Koskinen, known as a turnaround artist in government and the corporate world, took over the IRS in December 2013, during the fallout from the Tea Party controversy and the agency’s excessive spending on conferences and video spoofs of “Star Trek” and “Gilligan’s Island.”

The IRS ran into more trouble last June when it said it couldn’t find a number of emails from Lois Lerner, the former IRS official at the center of the Tea Party flap. Federal investigators have since worked to retrieve the missing documents.

“We take the issue seriously. It shouldn’t have ever happened, and it shouldn’t happen again,” Koskinen said.

But he added, “To continue to say we can cut a few hundred million dollars because you had a silly conference and used some inappropriate criteria gets you to a point where you’re failing to recognize the real ramifications.”

Lawmakers agree that Koskinen took perhaps the worst job in Washington, and even he has jokingly made that point, telling reporters after his confirmation hearing in 2013 that he had made two columns on a yellow legal pad: one a list of his friends and the other of those who thought taking the job was a good idea.

More than a year later, the commissioner returned to the Senate Finance Committee on Tuesday with a more serious message: The funding cuts would cause his agency to falter, just as tax filing season begins.

Koskinen rattled off a host of savings measures the IRS has already implemented, like cutting back on office space, supplies and outside contractors.

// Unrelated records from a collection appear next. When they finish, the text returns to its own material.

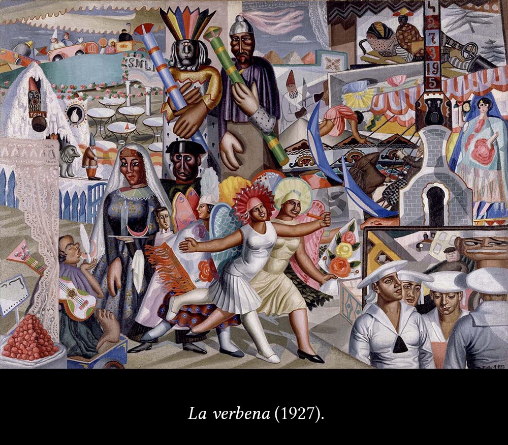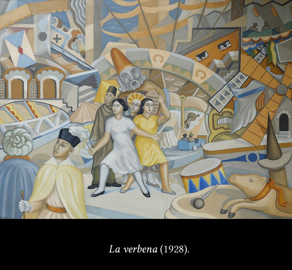 En una de las etapas de su carrera, Maruja Mallo pinta verbenas (fiestas populares de Madrid que se llaman así porque es tradición ir a ellas con un ramito de verbenas en la solapa).
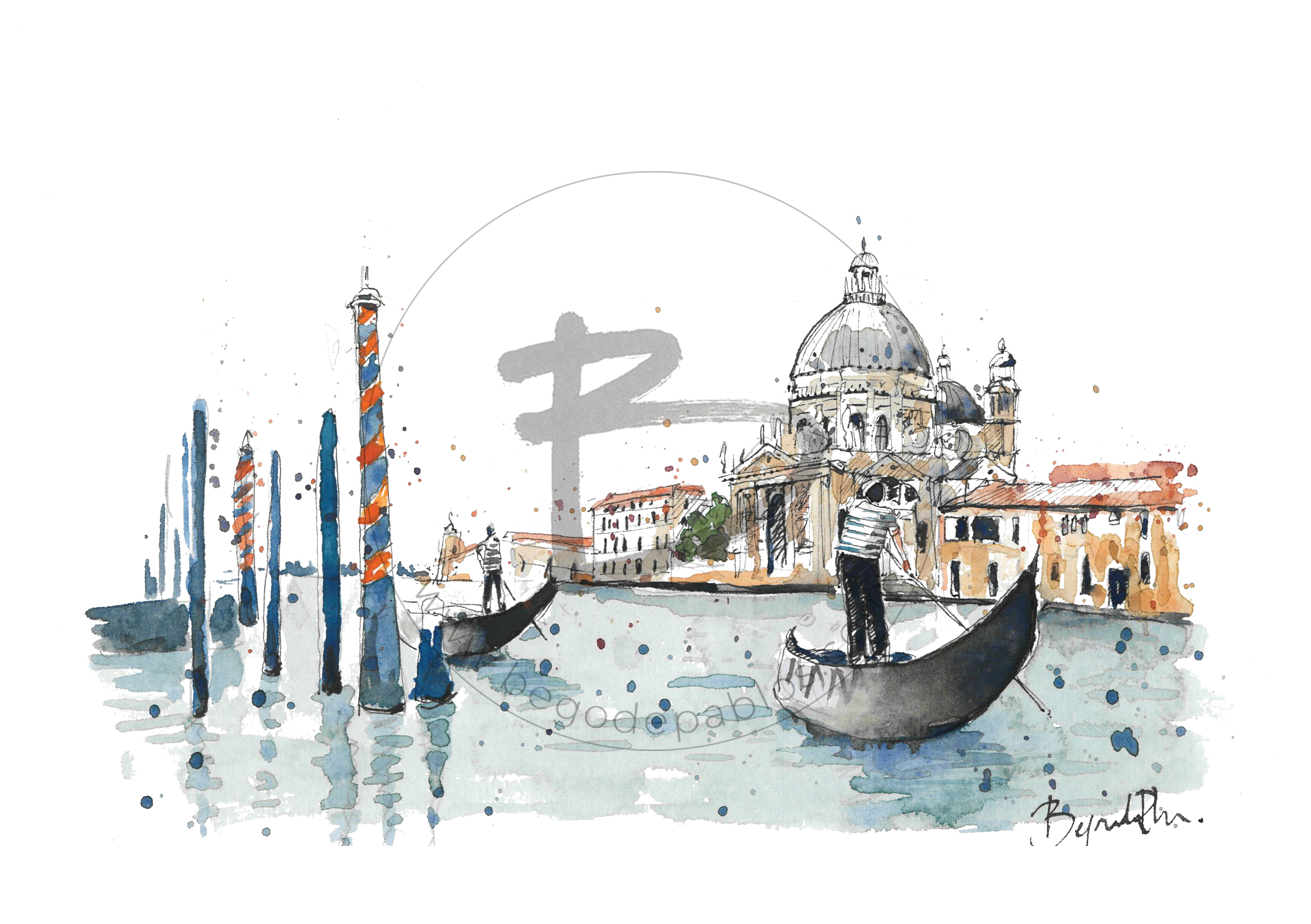 Acuarela del Gran Canal de Venezia, reproducida en papel de alta calidad.
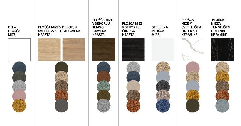 Oblazinjeni stoli vam omogočajo, da v prostor vnesete barve in teksturo. Tu je nekaj predlogov, kako jih uskladiti z različnimi dekorji plošče mize:

Next up, Koskinen said, would be “a level of service that none of us believe that taxpayers deserve.”

But that plea landed with a thud before Republicans, who now control both chambers of Congress. They highlighted what they said are problems at the agency with mistakenly paid tax credits, money spent on union activities, bonuses given to staffers with conduct issues, and work on new rules governing the type of tax-exempt groups at the center Tea Party controversy.

Senate Finance Chairman Orrin Hatch (R-Utah), who voted for Koskinen’s confirmation, said Tuesday he has “a lot of respect for him.”

But Hatch opened the hearing by blasting the agency’s delays in handing over documents tied to the IRS investigation, waving thick piles of documents handed out more than a year and half after the controversy broke. Other Republicans have gone further, accusing Koskinen and the IRS of stonewalling Congress.

Hatch said he doesn’t buy Koskinen’s warnings about a funding crisis.

“They can get by,” he told The Hill. “One thing he has overdone is claim that they can’t.”

Sen. Rob Portman (Ohio), one of five Republicans to vote for Koskinen, agreed but added that he sympathized with the task facing the commissioner. “Look, it’s a hard job,” Portman said.

Koskinen has had to soothe the concerns of Republicans lawmakers while also representing the thousands of IRS employees who had nothing to do with the scrutiny of political groups.

“He is doing an outstanding job in representing the agency,” said Colleen Kelley, president of the National Treasury Employees Union, noting that lawmaker questions can be “framed in a way to make him not stand up for the agency and not stand up for the employees.”

“He’s not going to do that. That’s not who he is,” Kelley said.

The IRS workforce the strongest he’s worked with, said Koskinen, whose resume includes stops at other Washington agencies, Freddie Mac and coordinating the federal government’s Y2K response.

Still, he said none of those positions came with the sort of public pressure he’s faced at the IRS. “This is the most clearly the most visible job I’ve ever done,” he said.

And while his lobbying efforts have fallen on deaf ears, Koskinen, who can frequently be seen walking the halls on Capitol Hill, said he isn’t giving up.

He declined to predict when a thaw might occur but implied there’s reason to believe his private discussions with GOP lawmakers are having an impact.

“I’ve enjoyed my conversations with members of Congress,” Koskinen said. “I haven’t enjoyed all the hearings, obviously.”